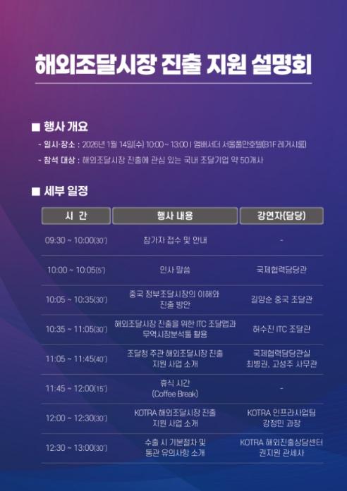 조달청은 14일 앰배서더 서울 풀만호텔에서 조달기업 60여 개사를 대상으로 해외조달관 초청 ‘해외조달시장 진출 지원사업 설명회’를 개최했다.
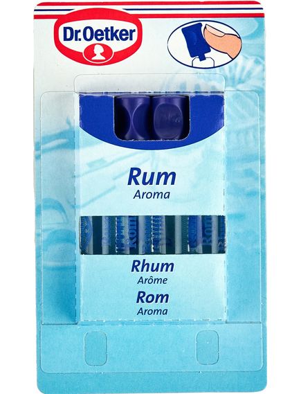 Використання ароматизатора Dr. Oetker додає м'яку ноту рому. Однієї ємкості ароматизатора достатньо для 500 г борошна або 0,5 літра рідини.
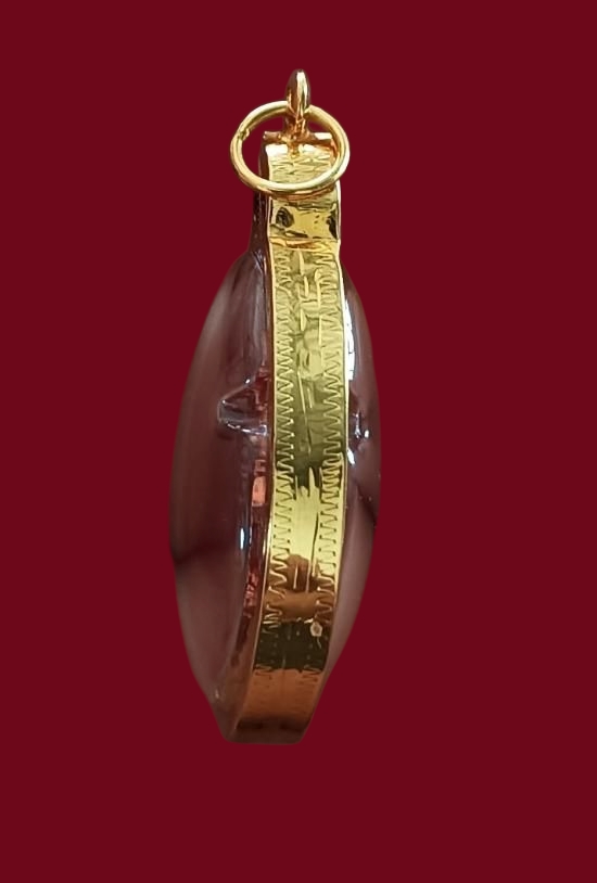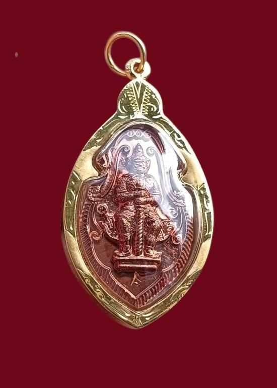 เหรียญท้าวเวสสุวรรณ หลวงพ่ออิฏฐ์ พิมพ์ใบสาเก เนื้อทองแดง ปี 59 เลี่ยมทองคำ 75%
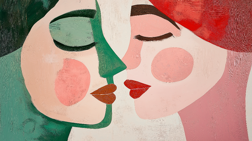 Alle gegevens bekijkenFoto Behang abstracte gezichten | Twee kussende gezichten in pasteltinten
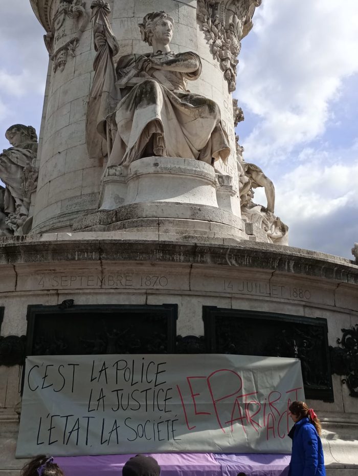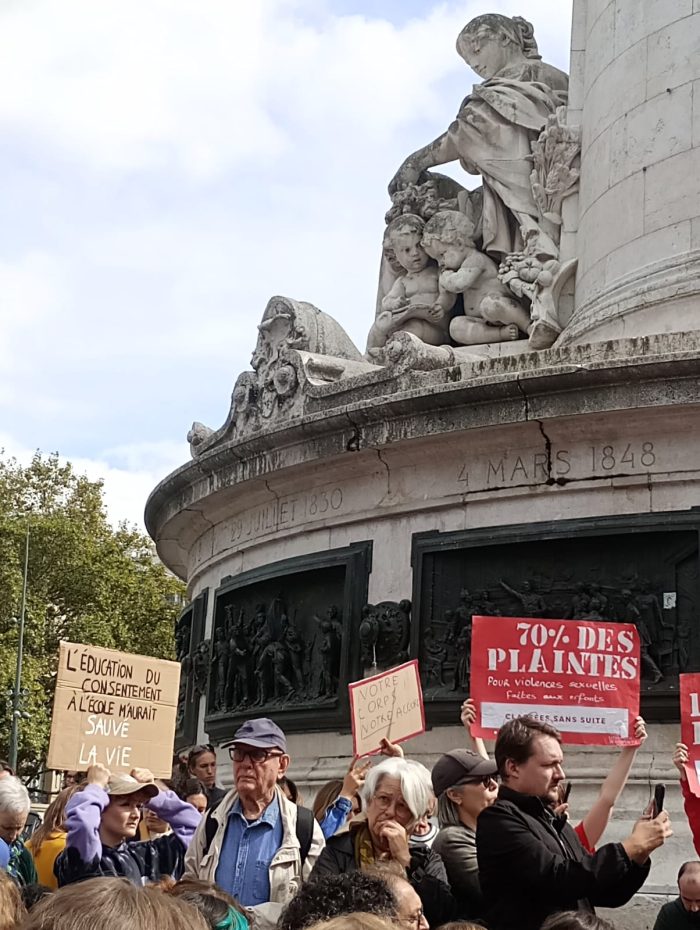 En la tribuna del acto à Place de la République la presidenta de la Fondation des Femmes Anne Cecille Mailfert hizo un llamado a una ley integral contra la violencia. La ONG estima que se necesitan 3 millardos de euros (que representan 0,3% del presupuesto del país) para los programas de acompañamiento de víctimas y de protección de las infancias y para poner en seguridad las mujeres victimas de violencia sexual.
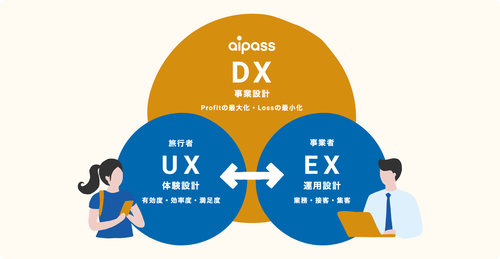 「UX(旅行者)とEX(従業員)」それぞれの体験を設計し、最適な機能を提供することで、経営課題を解決しDXを実現するシステムです。
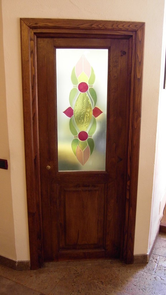 Le porte con telaio in legno, acciaio inox, ferro, possono essere completate con vetri artistici.

■ EXERCISE PROMPT ■
Only one stretch of the material above is wanted: the line containing "เหรียญท้าวเวสสุวรรณ หลวงพ่ออิฏฐ์ พิมพ์ใบสาเก" through the line containing "Alle gegevens bekijkenFoto". Restate it word for word, minus the pictures.

■ TASK RESULT ■
 เหรียญท้าวเวสสุวรรณ หลวงพ่ออิฏฐ์ พิมพ์ใบสาเก เนื้อทองแดง ปี 59 เลี่ยมทองคำ 75%
 Alle gegevens bekijkenFoto Behang abstracte gezichten | Twee kussende gezichten in pasteltinten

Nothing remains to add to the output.